I do not know why many pregnancies do not go full term. I do not know why little lives get taken before we want them to be. I don’t know why some parents will bury their children, but I do know that I have my daughter even though I don’t have my son. I know that I have music and fluffy dresses and mascara even though I don’t have him here to wrestle with his brother or play video games or basketball with his daddy. I have found joy in this tragedy. I have found that life is precious and every moment has its purpose. Not all of it makes sense, some of it feels too painful to handle and parts of it make me too angry to see straight, but I have faith that there is beauty from pain, we just have to breathe and look for it.

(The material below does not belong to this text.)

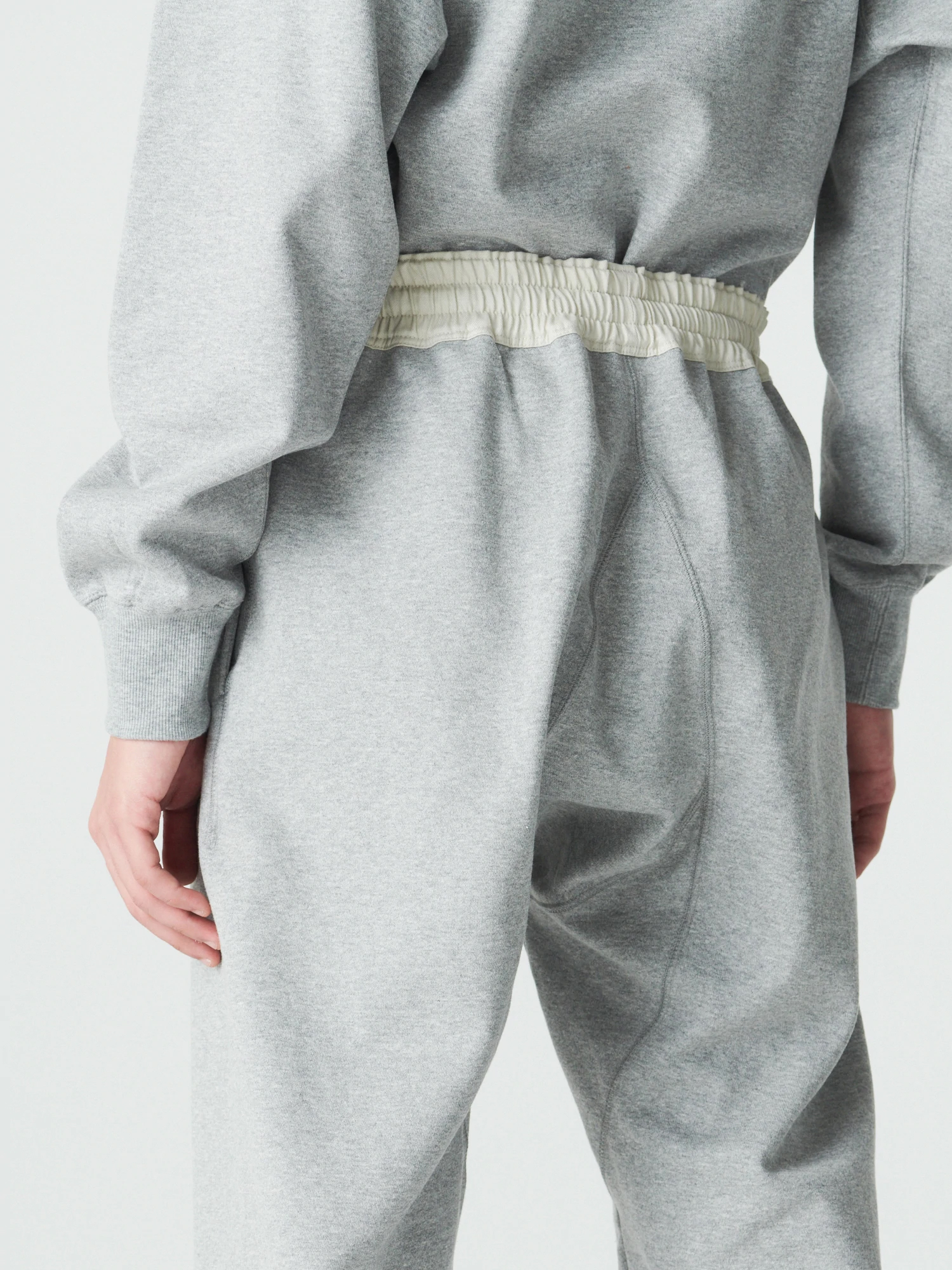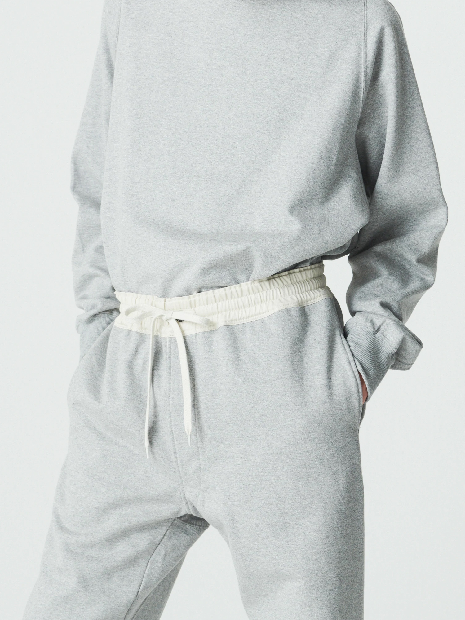 シしっかりコシがあるから美しい。だらしなくないジェンツのスェットパンツです。シルク100%の裏毛につつまれる幸せ。外はカリッと、中はしっとり。まるでアルデンテのようなスェット生地を開発しました。肌に触れるのは起毛した100%シルクの裏毛。保温性の高さはもちろんのこと、着心地はやわらかでふかふか。表側になるのは、コットンのMVS糸。綿を圧縮空気の旋回によって紡績しているため、ケバが立ちにくくしっかりとしたコシ感。ウェストマークには高密度に織りこまれたコットンを採用。ベルトがなくてもだらしない印象一切なし。ヒップ上部から大胆に3パーツで仕上げた股ガゼットにより、足運びをスムースにするだけでなく、もたつかない美しいヒップラインを実現しました。

To any of you who share your own version of my story, to you who have family who do or friends in need, be kind to yourselves. Be kind to the moments that hurt too much to stay awake for, rest in the understanding that although the pain will not change your view, love will. Your loss is tragic, our stories are hard, but together we can find joy and rest in love. Love for ourselves and for our little ones. My little Joshua has had twelve years heaven lived. He may not have me to teach him about this world and to hold him in my arms but he has taught me how to love indefinitely, how to believe that life has value even when it isn’t lived on earth.

May you know that there is always help and love if you reach out for it. May you know that you are not alone in your loss and pain.